Friedrich Merz is spending his first day as leader of Germany visiting France and Poland, promising a “fresh start” to EU relationships and signalling defiance to President Trump in saying they will never accept an “imposed” peace on the Ukraine War.
The French President Emmanuel Macron welcomed newly appointed Chancellor Friedrich Merz in Paris on Wednesday, the leaders of the two largest and richest countries in Europe publishing a joint statement vowing greater cooperation on defence, economics, and the Ukraine War. Merz will later today travel to Poland for more meetings, which in both cases he said were to launch a “fresh start” in relations with his eastern and western neighbours.

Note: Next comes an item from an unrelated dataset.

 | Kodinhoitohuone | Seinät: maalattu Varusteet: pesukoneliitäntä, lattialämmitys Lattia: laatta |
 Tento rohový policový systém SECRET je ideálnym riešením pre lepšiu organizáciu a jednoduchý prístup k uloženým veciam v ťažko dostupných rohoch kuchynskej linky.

France and Poland are also major partners for Germany on the continued effort to underwrite Ukraine’s armed forces, and Merz announced today a first trip as Chancellor to Ukraine “in the coming weeks”.
Outlining the areas the revitalised Franco-German partnership will be focussing on — identified as “war on our continent, fierce global competition, accelerating climate and technological change, and threats of a global trade war” — Merz and Macron published a joint statement in French broadsheet Le Figaro this afternoon.

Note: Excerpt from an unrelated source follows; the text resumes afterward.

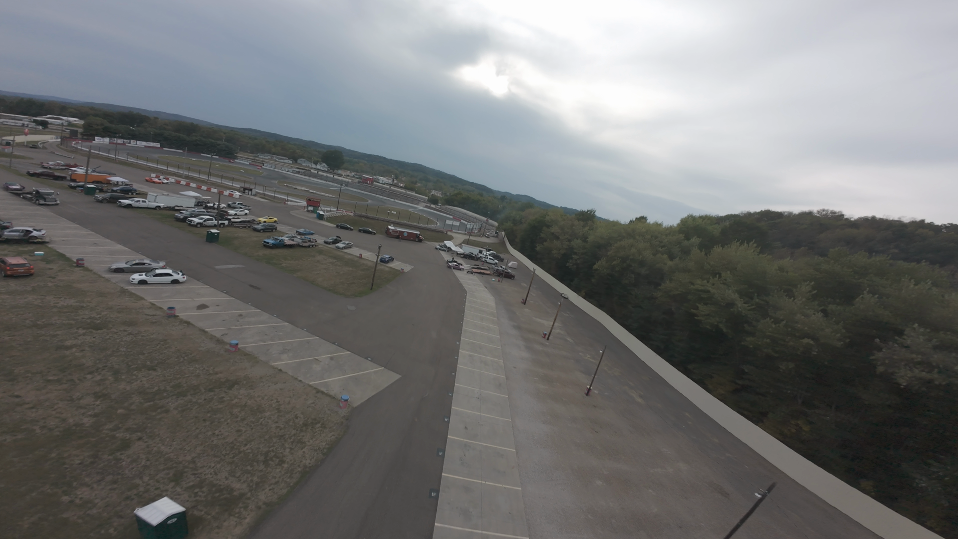 The image shows a wide aerial view of Midvale Speedway, showcasing the track, parking lot, and surrounding area. Several cars are parked in the lot, and the track curves through the landscape. The area is surrounded by dense trees, and the sky is overcast. The scene captures a calm pre-drift atmosphere with no visible activity on the track or in the parking area.

Much of the document focussed on defence issues and the Ukraine war, including promises to boost military procurement in Europe and strengthen “NATO’s European pillar” with increased spending. While vowing to do more on both European security and supporting Kyiv, the two leaders wrote in implied barbs at U.S. President Donald Trump and his peace process.
Writing they would reject a peace proposal in Ukraine if it didn’t meet Europe’s idea of how the war should end, they said: “We remain united and firmly committed to a sovereign and independent Ukraine. We will never accept an imposed peace, and we will continue to support Ukraine against Russian aggression”.
The European Union has already stated it would refuse to acknowledge any Ukrainian territory being conceded to Russia in order to achieve a cessation of hostility, something American negotiators believe is crucial, essentially committing Europe to backing permanent war in a conflict that has been all but static for years.
This ding of Trump aside, the men did acknowledge that Europe can’t bring peace in Ukraine without America. They said: “We stand ready to contribute, once such a ceasefire is in place, to a just and lasting peace, with U.S. security support, and strong security guarantees, including a strong Ukrainian military, to deter future Russian aggression. We will also take a concerted approach to Russia and the systemic threat it poses to European security.”
These remarks were not the only Merz attack on Trump in his first day in office, either, with a separate interview refuting American criticisms of backsliding democracy in Germany where the nation’s main opposition party is now being spied on by the national domestic intelligence agency and even faces being banned outright.
Remarkably, there was also implicit criticism for the European Union as well, with Merz and Macron citing the urgent need to reduce the Union’s “administrative burdens, which are stifling growth”. This would be achieved by “removing constraints”, they said.
The trip to France, and then to Poland, comes the day after Merz was sworn in as Chancellor of Germany, but only after months of coalition negotiations leading to an ignominious
first defeat on Tuesday when Merz failed to be elected by the Bundestag on the first try. Humiliatingly, this is the first time that has happened in the modern German state and underlines just how precarious his wafer-thin majority in that parliament is, auguring ill for future stability from the economic powerhouse of Europe.